Binkley Report — This is good strategy?

Alex Binkley is a foremost political and economic analyst. Readers will be aware that his columns in True North Perspective have foreseen political and economic developments in Canada. This week in ... 

The Binkley Report

On pensioners: This is good strategy?

By Alex Binkley
True North Perspective

Back in his minority government days, Prime Minister Harper liked to brag about being a superb political strategist.

So who was the guy that used his moment in the spotlight as the leader of one of the world’s healthier economies at the World Economic Forum in Davos to fire up his critics back home with ill-chosen words about pension reform? Maybe he thought his speech would sound stirring in front of the other leaders.

All it did was energize his political opponents who could cite it as another example of the Conservatives' hidden agenda. It didn’t help that it took so long for his apologists to say he wasn’t targeting the Canada Pension Plan, but Ottawa’s two supplementary offerings-Old Age Security and Guaranteed Income Supplement.

In the end, he had to back off farther and say “seniors will continue to receive everything they are receiving and expecting.”

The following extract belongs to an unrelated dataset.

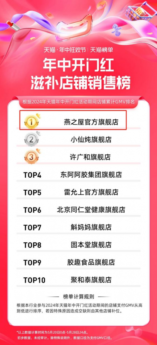 隨著618大幕拉開,第一波戰(zhàn)報火熱出爐。據(jù)阿里健康發(fā)布的2024年天貓年中開門紅健康行業(yè)成績單顯示,燕之屋官方旗艦店榮登滋補店鋪銷售榜第一、健康行業(yè)店鋪銷售榜第二,展現(xiàn)了燕之屋在品牌年輕化戰(zhàn)略中的深度思考和實踐能力。

The NDP and Liberals have had a field day attacking his announcement, much like the Conservatives used to do when they were in opposition. Harper brought every sting and jab down on himself.

Liberal Leader Bob Rae pointed out, “The prime minister stated categorically during the leader's debate . . . that this government was not going to be touching transfers to individuals and transfers to seniors . . . is the prime minister committed to sustaining seniors or is he committed to breaking his promises?

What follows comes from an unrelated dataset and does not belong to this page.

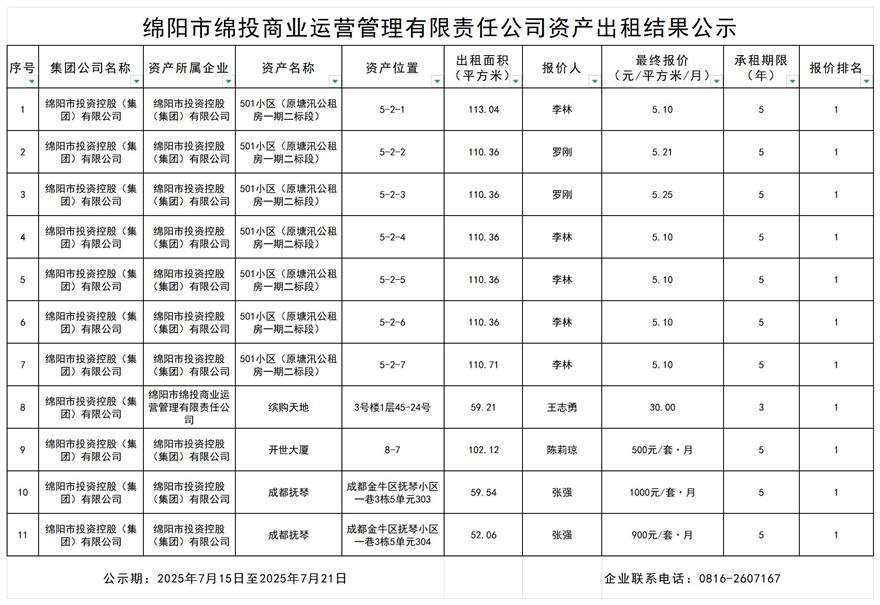 绵阳市k1体育注册就送38元商业运营管理有限责任公司资产出租结果公示

"We are aging in a different way than ever before, most people moving into post-65 category don't have a private pension, they don't have coverage" he said. "(OAS) is a basic income support plan that actually has allowed us to cut poverty to seniors over the past 35 years."

NDP Finance Critic Peter Julian says his party will oppose any cuts to pensions. “We’ll be fighting the Harper government’s intention to make significant cuts over the next few months.” They would be a slap in the face of Canadian seniors.

Government officials scurried about to try to defuse the issue directing curious reporters to the latest federal actuarial report which says the cost of supplementary programs will rise to $108 billion in 2030 from $36.5 billion in 2010.

Presuming Harper’s fears about the financial sustainability of these programs in an aging society are genuine and not motivated by a political agenda that sees tax cuts as the solution to most problems, then there are any number of smarter ways to launch this debate, which, from the evidence, is sorely needed.

For example, he could have used the resumption of Parliament to release a discussion paper spelling out the scope of the financial challenge facing the government and empower a Parliamentary committee to study the issue and report to the MPs.

Or set up a commission of experts to holding hearings on the issue from tax experts, senior’s advocates and others with an interest in the issue.

Show Canadians the numbers and options for dealing with the pension offerings. How can the supplementary plans be made affordable for those who truly need them? Do people need to work longer?

There’s no end of studies and expertise available on the issue. Let Parliament focus on them.

What Harper really has to learn is to get over the control-freak approach to every issue and let Parliament play its role as a sounding board for national issues. Treat Canadians with respect and they will listen to your arguments. Try to ram change through and Harper will get his Charlie Brown moment just as former prime minister Brian Mulroney did with seniors.